:: DATA SEGMENT ::
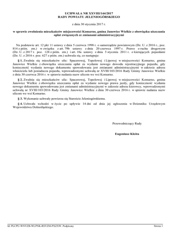 UCHWAŁA NR XXVIII/144/2017 RADY POWIATU JELENIOGÓRSKIEGO z dnia 30 stycznia 2017 r. w sprawie zwolnienia mieszkańców miejscowości Komarno, gmina Janowice Wielkie z obowiązku uiszczania opłat związanych ze zmianami administracyjnymi Na podstawie art. 12 pkt 11 ustawy z dnia 5 czerwca 1998 r. o samorządzie powiatowym (Dz. U. z 2016 r., poz. 814 z późn. zm.) w związku z art. 79b ustawy z dnia 20 czerwca 1997 r. Prawo o ruchu drogowym (Dz. U. z 2017 r. poz. 128 z późn. zm.) i art. 18a ustawy z dnia 5 stycznia 2011 r. o kierujących pojazdami (Dz. U. z 2016 r. poz. 627 z późn. zm.) uchwala się, co następuje: § 1. Zwalnia się mieszkańców ulic: Spacerowej, Topolowej i Lipowej w miejscowości Komarno, gmina Janowice Wielkie z obowiązku uiszczania opłat za wydanie nowego dowodu rejestracyjnego pojazdu, gdy konieczność wydania nowego dokumentu spowodowana jest zmianami administracyjnymi w zakresie adresu właściciela lub posiadacza pojazdu, wprowadzonymi uchwałą nr XVIII/103/2016 Rady Gminy Janowice Wielkie z dnia 30 czerwca 2016 r. w sprawie nadania nazw ulicom we wsi Komarno. § 2. Zwalnia się mieszkańców ulic: Spacerowej, Topolowej i Lipowej w miejscowości Komarno, gmina Janowice Wielkie z obowiązku uiszczania opłat za wydanie nowego prawa jazdy, gdy konieczność wydania nowego dokumentu spowodowana jest zmianami administracyjnymi w zakresie adresu kierowcy, wprowadzonymi uchwałą nr XVIII/103/2016 Rady Gminy Janowice Wielkie z dnia 30 czerwca 2016 r. w sprawie nadania nazw ulicom we wsi Komarno. § 3. Wykonanie uchwały powierza się Staroście Jeleniogórskiemu. § 4. Uchwała wchodzi w życie po upływie 14 dni od dnia jej ogłoszenia w Dzienniku Urzędowym Województwa Dolnośląskiego. Przewodniczący Rady Eugeniusz Kleśta Id: PLCPU-WNYZB-WLPNK-RSYZM-PXZXW. Podpisany Strona 1 Uzasadnienie Do wyłącznej właściwości rady powiatu zgodnie z ustawą z dnia 5 czerwca 1998 r. o samorządzie powiatowym należy podejmowanie uchwał w innych sprawach zastrzeżonych ustawami do kompetencji rady powiatu. Art.79b ustawy z dnia 20 czerwca 1997 r. Prawo o ruchu drogowym stanowi, że w przypadku gdy zmiana stanu faktycznego w zakresie adresu właściciela lub posiadacza pojazdu, wymagająca wydania nowego dowodu rejestracyjnego pojazdu, spowodowana została zmianami administracyjnymi, rada powiatu może, w drodze uchwały, zmniejszyć opłatę lub zwolnić od jej uiszczenia osoby obowiązane do ubiegania się o wydanie tego dokumentu. Według art. 18a ustawy z dnia 5 stycznia 2011 r. o kierujących pojazdami, w przypadku gdy zmiana stanu faktycznego w zakresie adresu kierowcy wymagająca wydania nowego prawa jazdy lub pozwolenia na kierowanie tramwajem, spowodowana została zmianami administracyjnymi, rada powiatu może, w drodze uchwały, zmniejszyć opłatę za wydanie lub zwolnić od jej uiszczenia osoby obowiązane do ubiegania się o wydanie tych dokumentów. Gmina Janowice Wielkie uchwałą nr XVIII/103/2016 Rady Gminy Janowice Wielkie z dnia 30 czerwca 2016 r. w sprawie nadania nazw ulicom we wsi Komarno dokonała zmiany administracyjnej polegającej na utworzeniu nazw ulic dla działek nr 466/2 i 450/7, 351, 350 w Komarnie gm. Janowice Wielkie. Działki te otrzymały oficjalne nazwy ulic – Spacerowa, Lipowa, Topolowa, co wynikło z konsultacji społecznych w tej sprawie. Bezpośrednią przyczyną podjęcia uchwały był zamiar usunięcia istniejących od 1987 r. skomplikowanych i mylących adresów z rozszerzeniem „PPH”, które pochodziły z jeszcze dawniejszych czasów, gdy budynki dawnego Przedsiębiorstwa Produkcyjno-Handlowego z siedzibą w Wojanowie (tzw. pegieeru) rozproszone na terenie części wsi otrzymywały takie właśnie rozszerzenie adresowe, mimo braku formalnej legalizacji tego rozszerzenia. Przez lata nie formalizowano tego rozszerzenia podczas wykupu mieszkań przez byłych pracowników przedsiębiorstwa od Skarbu Państwa. Doprowadziło to do błędów meldunkowych, przekładających się na sytuację własnościową i meldunkową poszczególnych osób, gdyż nie było podstaw dla rozróżnienia np. Komarna 10 i Komarna nr 10 PPH. Nieścisłości obejmują księgi wieczyste, adresy zameldowania w poszczególnych lokalach, co ma znaczenie np. dla poszukiwań policyjnych, prawa zamieszkiwania w lokalu czy prawa kandydowania i głosowania na radnego w poszczególnych okręgach. Dodatkowo problemem były interwencje służb ratowniczych, np. straży pożarnej, która udała się na akcję pod niewłaściwy adres, gdyż osoby wzywające straż pożarną i zamieszkałe pod tym adresem same nie wiedziały, że obowiązuje je rozszerzenie nazwy. Jedynym skutecznym i przejrzystym sposobem rozwiązania kilkudziesięcioletniego problemu adresowego w części Komarna było nadanie nazw ulic i wraz z nimi nowych numerów budynków. Nie była to zatem kwestia estetyczna, ale była to istotna zmiana o charakterze porządkowym, która pozwala unormować najważniejsze sprawy mieszkańców. Gmina Janowice Wielkie ze swojej strony powiadomiła wszystkie zainteresowane podmioty, dokonała zmian dotyczących mieszkańców w posiadanych rejestrach, przygotowała tablice z nazwami ulic. Nie może jednak ze względów prawnych sfinansować mieszkańcom wsi wymiany dokumentów w Starostwie Powiatowym. Dlatego też celem uchwały jest zwolnienie mieszkańców ulic Spacerowej, Topolowej i Lipowej w Komarnie z opłat za wydanie dokumentów z uwidocznionym nowym adresem, co zwiększy zaufanie mieszkańców do działania władz samorządowych Powiatu Jeleniogórskiego i będzie zgodne z poczuciem społecznej sprawiedliwości. W tej sprawie mieszkańcy i radni Rady Gminy za pośrednictwem Wójta Gminy Janowice Wielkie interweniowali, składając wniosek w dniu 19 lipca br. o podjęcie inicjatywy uchwałodawczej przez Zarząd Powiatu, uzyskując w międzyczasie (wydane 3 października br.) stanowisko Zarządu Powiatu o braku rekomendacji dla podjęcia uchwały o
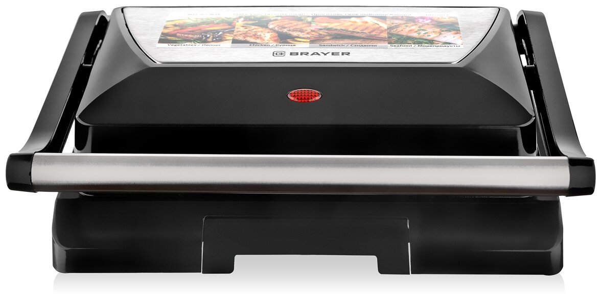 Электрогриль BRAYER BR2003, 900 Вт, фиксированные панели, серебро/черный
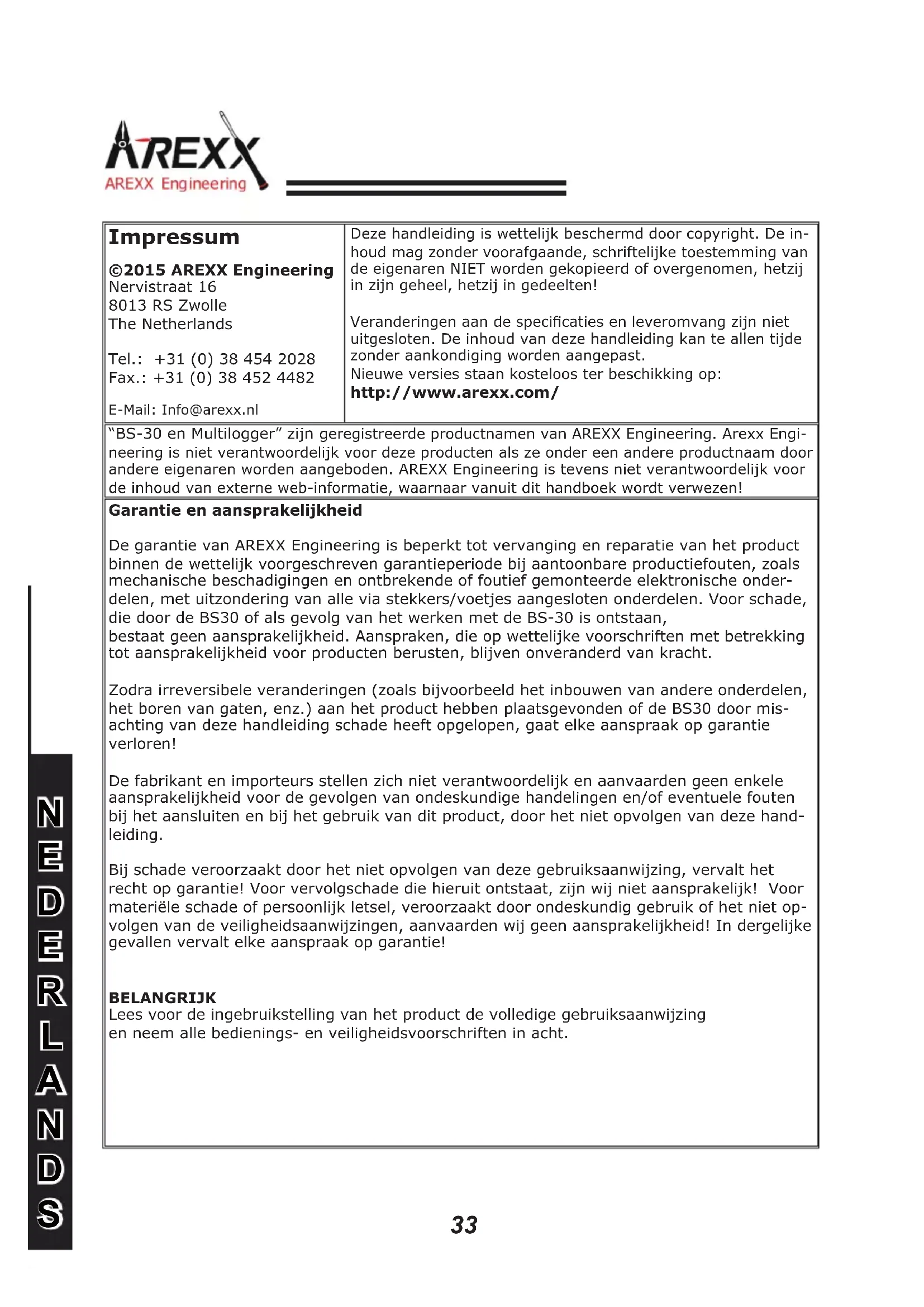 | "BS-30 en Multilogger" zijn geregistreerde productnamen van AREXX Engineering. Arexx Engineering is niet verantwoordelijk voor deze producten als ze onder een andere productnaam door andere eigenaren worden aangeboden. AREXX Engineering is tevens niet verantwoordelijk voor de inhoud van externe web-informatie, waarnaar vanuit dit handboek wordt verwezen! | |

:: WORK TASK ::
Repeat the data exactly, excluding the pictures.

:: EXERCISE SOLUTION ::
 UCHWAŁA NR XXVIII/144/2017 RADY POWIATU JELENIOGÓRSKIEGO z dnia 30 stycznia 2017 r. w sprawie zwolnienia mieszkańców miejscowości Komarno, gmina Janowice Wielkie z obowiązku uiszczania opłat związanych ze zmianami administracyjnymi Na podstawie art. 12 pkt 11 ustawy z dnia 5 czerwca 1998 r. o samorządzie powiatowym (Dz. U. z 2016 r., poz. 814 z późn. zm.) w związku z art. 79b ustawy z dnia 20 czerwca 1997 r. Prawo o ruchu drogowym (Dz. U. z 2017 r. poz. 128 z późn. zm.) i art. 18a ustawy z dnia 5 stycznia 2011 r. o kierujących pojazdami (Dz. U. z 2016 r. poz. 627 z późn. zm.) uchwala się, co następuje: § 1. Zwalnia się mieszkańców ulic: Spacerowej, Topolowej i Lipowej w miejscowości Komarno, gmina Janowice Wielkie z obowiązku uiszczania opłat za wydanie nowego dowodu rejestracyjnego pojazdu, gdy konieczność wydania nowego dokumentu spowodowana jest zmianami administracyjnymi w zakresie adresu właściciela lub posiadacza pojazdu, wprowadzonymi uchwałą nr XVIII/103/2016 Rady Gminy Janowice Wielkie z dnia 30 czerwca 2016 r. w sprawie nadania nazw ulicom we wsi Komarno. § 2. Zwalnia się mieszkańców ulic: Spacerowej, Topolowej i Lipowej w miejscowości Komarno, gmina Janowice Wielkie z obowiązku uiszczania opłat za wydanie nowego prawa jazdy, gdy konieczność wydania nowego dokumentu spowodowana jest zmianami administracyjnymi w zakresie adresu kierowcy, wprowadzonymi uchwałą nr XVIII/103/2016 Rady Gminy Janowice Wielkie z dnia 30 czerwca 2016 r. w sprawie nadania nazw ulicom we wsi Komarno. § 3. Wykonanie uchwały powierza się Staroście Jeleniogórskiemu. § 4. Uchwała wchodzi w życie po upływie 14 dni od dnia jej ogłoszenia w Dzienniku Urzędowym Województwa Dolnośląskiego. Przewodniczący Rady Eugeniusz Kleśta Id: PLCPU-WNYZB-WLPNK-RSYZM-PXZXW. Podpisany Strona 1 Uzasadnienie Do wyłącznej właściwości rady powiatu zgodnie z ustawą z dnia 5 czerwca 1998 r. o samorządzie powiatowym należy podejmowanie uchwał w innych sprawach zastrzeżonych ustawami do kompetencji rady powiatu. Art.79b ustawy z dnia 20 czerwca 1997 r. Prawo o ruchu drogowym stanowi, że w przypadku gdy zmiana stanu faktycznego w zakresie adresu właściciela lub posiadacza pojazdu, wymagająca wydania nowego dowodu rejestracyjnego pojazdu, spowodowana została zmianami administracyjnymi, rada powiatu może, w drodze uchwały, zmniejszyć opłatę lub zwolnić od jej uiszczenia osoby obowiązane do ubiegania się o wydanie tego dokumentu. Według art. 18a ustawy z dnia 5 stycznia 2011 r. o kierujących pojazdami, w przypadku gdy zmiana stanu faktycznego w zakresie adresu kierowcy wymagająca wydania nowego prawa jazdy lub pozwolenia na kierowanie tramwajem, spowodowana została zmianami administracyjnymi, rada powiatu może, w drodze uchwały, zmniejszyć opłatę za wydanie lub zwolnić od jej uiszczenia osoby obowiązane do ubiegania się o wydanie tych dokumentów. Gmina Janowice Wielkie uchwałą nr XVIII/103/2016 Rady Gminy Janowice Wielkie z dnia 30 czerwca 2016 r. w sprawie nadania nazw ulicom we wsi Komarno dokonała zmiany administracyjnej polegającej na utworzeniu nazw ulic dla działek nr 466/2 i 450/7, 351, 350 w Komarnie gm. Janowice Wielkie. Działki te otrzymały oficjalne nazwy ulic – Spacerowa, Lipowa, Topolowa, co wynikło z konsultacji społecznych w tej sprawie. Bezpośrednią przyczyną podjęcia uchwały był zamiar usunięcia istniejących od 1987 r. skomplikowanych i mylących adresów z rozszerzeniem „PPH”, które pochodziły z jeszcze dawniejszych czasów, gdy budynki dawnego Przedsiębiorstwa Produkcyjno-Handlowego z siedzibą w Wojanowie (tzw. pegieeru) rozproszone na terenie części wsi otrzymywały takie właśnie rozszerzenie adresowe, mimo braku formalnej legalizacji tego rozszerzenia. Przez lata nie formalizowano tego rozszerzenia podczas wykupu mieszkań przez byłych pracowników przedsiębiorstwa od Skarbu Państwa. Doprowadziło to do błędów meldunkowych, przekładających się na sytuację własnościową i meldunkową poszczególnych osób, gdyż nie było podstaw dla rozróżnienia np. Komarna 10 i Komarna nr 10 PPH. Nieścisłości obejmują księgi wieczyste, adresy zameldowania w poszczególnych lokalach, co ma znaczenie np. dla poszukiwań policyjnych, prawa zamieszkiwania w lokalu czy prawa kandydowania i głosowania na radnego w poszczególnych okręgach. Dodatkowo problemem były interwencje służb ratowniczych, np. straży pożarnej, która udała się na akcję pod niewłaściwy adres, gdyż osoby wzywające straż pożarną i zamieszkałe pod tym adresem same nie wiedziały, że obowiązuje je rozszerzenie nazwy. Jedynym skutecznym i przejrzystym sposobem rozwiązania kilkudziesięcioletniego problemu adresowego w części Komarna było nadanie nazw ulic i wraz z nimi nowych numerów budynków. Nie była to zatem kwestia estetyczna, ale była to istotna zmiana o charakterze porządkowym, która pozwala unormować najważniejsze sprawy mieszkańców. Gmina Janowice Wielkie ze swojej strony powiadomiła wszystkie zainteresowane podmioty, dokonała zmian dotyczących mieszkańców w posiadanych rejestrach, przygotowała tablice z nazwami ulic. Nie może jednak ze względów prawnych sfinansować mieszkańcom wsi wymiany dokumentów w Starostwie Powiatowym. Dlatego też celem uchwały jest zwolnienie mieszkańców ulic Spacerowej, Topolowej i Lipowej w Komarnie z opłat za wydanie dokumentów z uwidocznionym nowym adresem, co zwiększy zaufanie mieszkańców do działania władz samorządowych Powiatu Jeleniogórskiego i będzie zgodne z poczuciem społecznej sprawiedliwości. W tej sprawie mieszkańcy i radni Rady Gminy za pośrednictwem Wójta Gminy Janowice Wielkie interweniowali, składając wniosek w dniu 19 lipca br. o podjęcie inicjatywy uchwałodawczej przez Zarząd Powiatu, uzyskując w międzyczasie (wydane 3 października br.) stanowisko Zarządu Powiatu o braku rekomendacji dla podjęcia uchwały o
 Электрогриль BRAYER BR2003, 900 Вт, фиксированные панели, серебро/черный
 | "BS-30 en Multilogger" zijn geregistreerde productnamen van AREXX Engineering. Arexx Engineering is niet verantwoordelijk voor deze producten als ze onder een andere productnaam door andere eigenaren worden aangeboden. AREXX Engineering is tevens niet verantwoordelijk voor de inhoud van externe web-informatie, waarnaar vanuit dit handboek wordt verwezen! | |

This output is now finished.